But with all the stuff on TV and the like, most would at least know the difference between a little .50 cal 'bullet' and a massive great 60mm mortar round... although reading the article, I think there may have been further confusion over the difference between an actual mortar round and a standard cased artillery shell anyway, since there is no 57mm mortar round that I've ever heard of, and that is now being perpetuated across the various media outlets like an incestuous STD.
Normally not that much of a factor and just media talking ********, but in the case of mortar rounds (which this appears not to have been, anyway) and just my morbid curiosity as to how you'd get the damn thing out safely, a live one would have different implications on whether you could operate or not compared to an artillery shell.

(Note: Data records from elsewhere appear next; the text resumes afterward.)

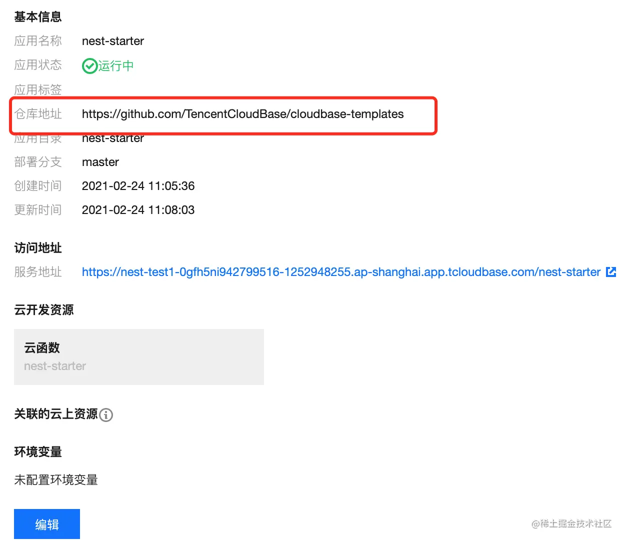.env的那也是在云托管的时候使用 - 代码仓库是公开,不能使用私有仓库,私有仓库目前是云托管支持
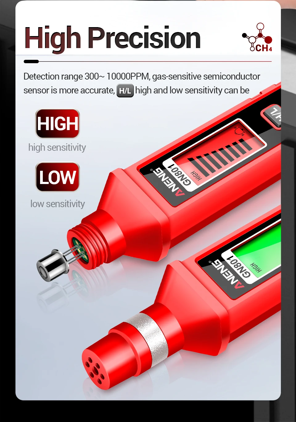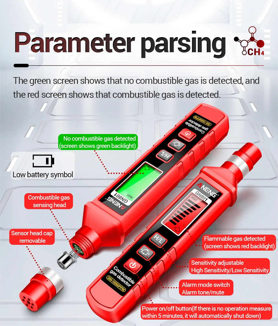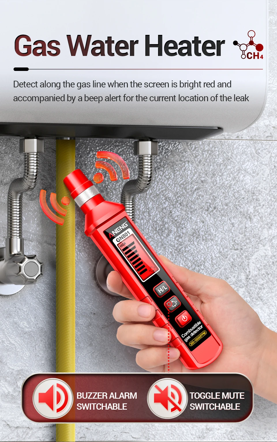 Comprar ANENG-Detector de Gas Combustible GN801, Analizador de Gas con alarma de sonido, medidor de fugas de Gas, herramientas de prueba ambiental LCD, 300 ~ 10000PPM
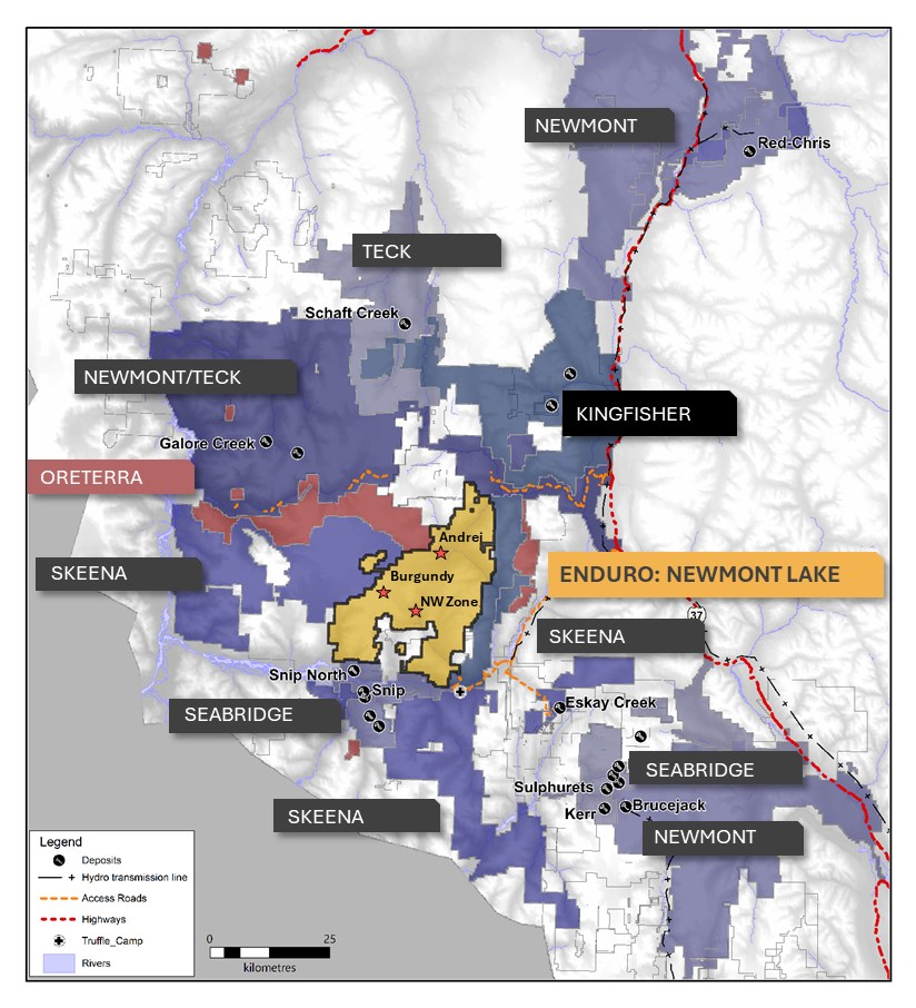 The Newmont Lake Project is one of the largest contiguous claim packages (688 square km) in the Golden Triangle and is strategically located near major porphyry copper-gold (Cu-Au) development projects, including Galore Creek (Newmont - Teck Resources) and KSM (Seabridge Gold), as well as past-producing high grade gold mines at Snip and Eskay Creek (currently being put back into production by Skeena Gold & Silver). The project encompasses five large target areas that include the partially drill-tested Burgundy Ridge alkalic-style porphyry copper-gold deposit (331 m @ 0.29% Cu and 0.29 g/t gold in hole 21-001, see news release dated October 18, 2021 for QA/QC details); the newly outlined and undrilled Andrei porphyry copper-gold target, a greater than 4 km long chargeability and magnetic anomaly wherein 25% of rock samples collected in 2025 exceeded 0.1% copper (see news release dated January 28, 2026 for detailed QA/QC) and; the McLymont gold target, a 20 km2 area that includes the NW Zone, host to a historical gold resource and where Enduro sampling in 2025 returned high-grade gold values from narrow sub-meter quartz pyrite veins within shear zones of up to 113 g/t Au with142 g/t Ag (see news release dated January 8, 2026 for detailed QA/QC).
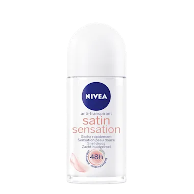 NIVEA Satin Sensation Anti-Transpirant Roll-on droogt snel en geeft je een zijdezacht huidgevoel, met kostbaar Kaolin-poeder. De formule bevat geen Alcohol. Onze anti-transpirants bieden Derma 72u Active Protection: onze producten werken samen met de huid voor betrouwbare en krachtige werking tegen zweet en geur, met huidvriendelijke formules. Huidverdraagzaamheid dermatologisch bewezen.
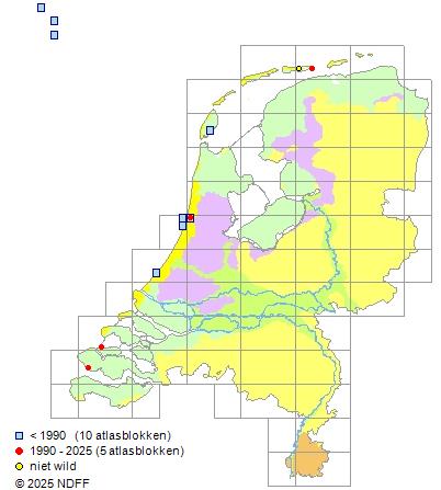 Het aantal atlasblokken (5x5 km) waarin de soort is gemeld binnen een periode van vijf jaar (vanaf 1980) of twintig jaar. Niet gecorrigeerd voor waarnemersinspanning en het aantal doorgegeven waarnemingen kan sterk variëren per periode, dus een trend in verspreiding kan hier niet direct uit worden afgelezen. Het opgegeven jaartal is het eerste jaar van de periode. Bron: gevalideerde waarnemingen uit de NDFF.
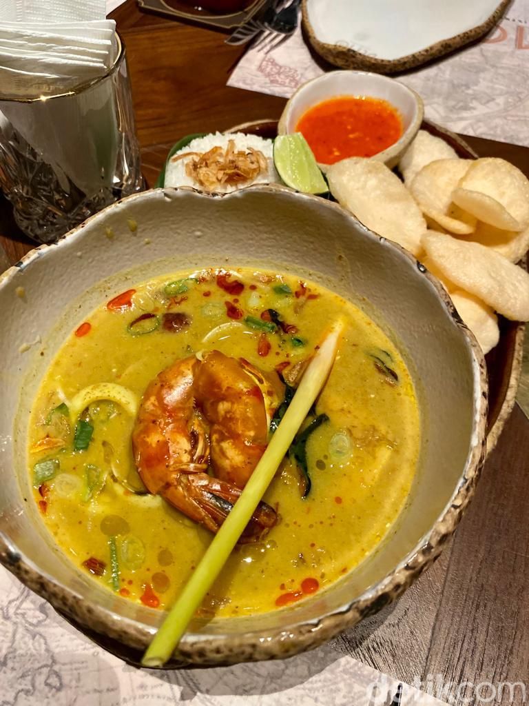 Kalau mau menyantap yang kuah-kuah bisa cicip Seafood Curry (Rp 180.000). Kuah karinya tak terlalu kental, tapi tetap enak karena paduan bumbu kari kuning dari santan yang pas dengan isian ikan cod, udang, cumi yang disajikan dengan nasi putih.
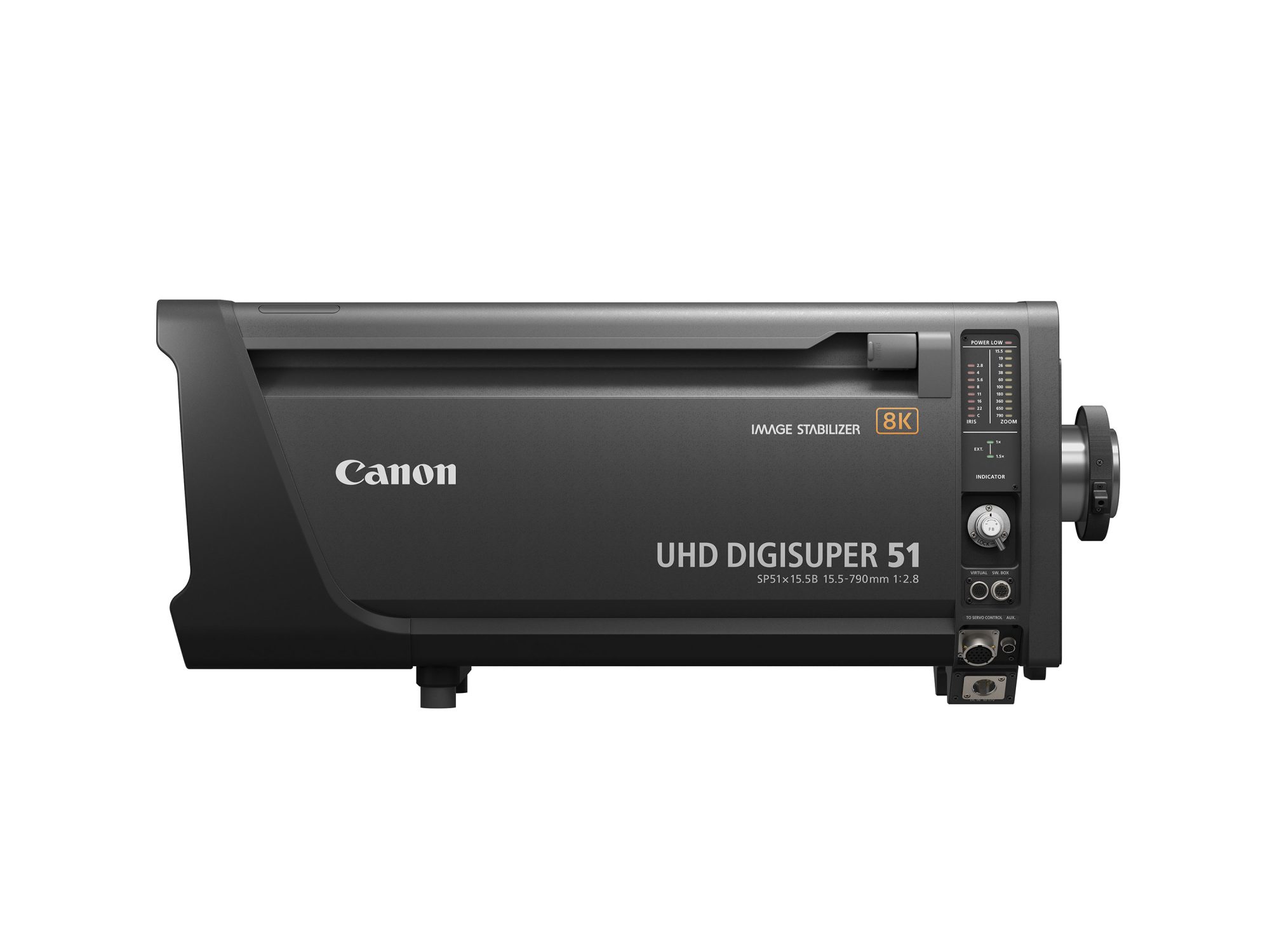 The UHD-DIGISUPER 51 8K field zoom lens provides high-quality optical performance for 8K broadcast cameras from the center to the periphery of the screen. The lens is built with the world's highest1 51x zoom, as well as the world's longest1 focal range from the wide-angle end of 15.5mm to the telephoto end of 790mm. In addition, the lens also features a built-in 1.5x extender that increases the maximum focal length to 1185mm. With the ability to realize high magnification, this lens provides users with the same operability as a conventional 2/3-inch HDTV or 4K field zoom lens, allowing them to switch to 8K video shooting and production without changing the shooting style.
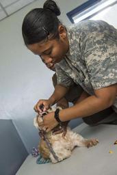| Keywords: Continuing Promise 2015 150601-N-NK134-032.jpg en 150601-N-NK134-032 COLÓN Panama - Army Sgt Janina Alaniz a native of North Bergen N J and a veterinary technician assigned to Public Health Command District Fort Hood Texas performs an exam on a dog at a veterinarian site established at Roberto Mariano Bula Stadium in support of Continuing Promise 2015 Continuing Promise is a U S Southern Command-sponsored and U S Naval Forces Southern Command/U S 4th Fleet-conducted deployment to conduct civil-military operations including humanitarian-civil assistance subject matter expert exchanges medical dental veterinary and engineering support and disaster response to partner nations and to show U S support and commitment to Central and South America and the Caribbean 2015-06-01 June 1 2015 https //www dvidshub net/image/1971817 150601-N-NK134-032 2015-06-03 08 05 COLON PA PD-USGov-Military-Navy Fort Hood Texas Images from DoD uploaded by Fæ Continuing Promise 2015 |
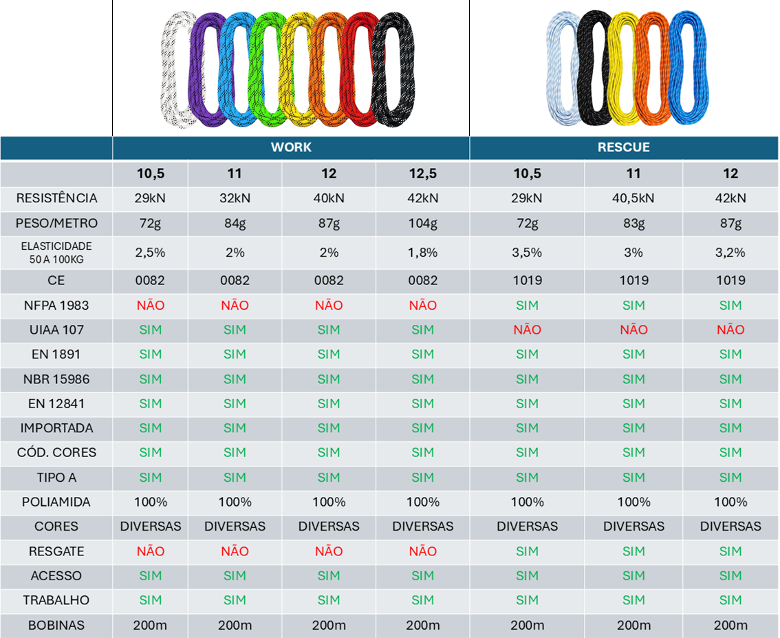 Certificações nacionais e internacionais CE 0082, EN 1891, NBR 15986 e UIAA 107. Certificação EN 1891, cumpre a EN 12841 (trava-quedas, descensores manuais e bloqueadores), conforme manual dos fabricantes.

I have almost no idea of the difference between a mortar round and an artillery shell, so I'm no use to you there. But I wouldn't be at all surprised to find that most people in the UK would think that "50 cal" would be 50mm in diameter. If they'd heard it on TV, they would have heard "50 cal". Not ".50". And bullets are measured in mm, right? Almost everyone has heard of "9mm" in that context. I think there's plenty of scope for misunderstanding.
I thought this was, via a sister who works there, from the nurses' direct? That's what the assertion implies.
I missed that. Looking back, that was stated as an initial assumption. Which might well have been before anyone in the hospital had seen it. Presumably it would have been completely inside the patient or else they'd have been able to get it out themself.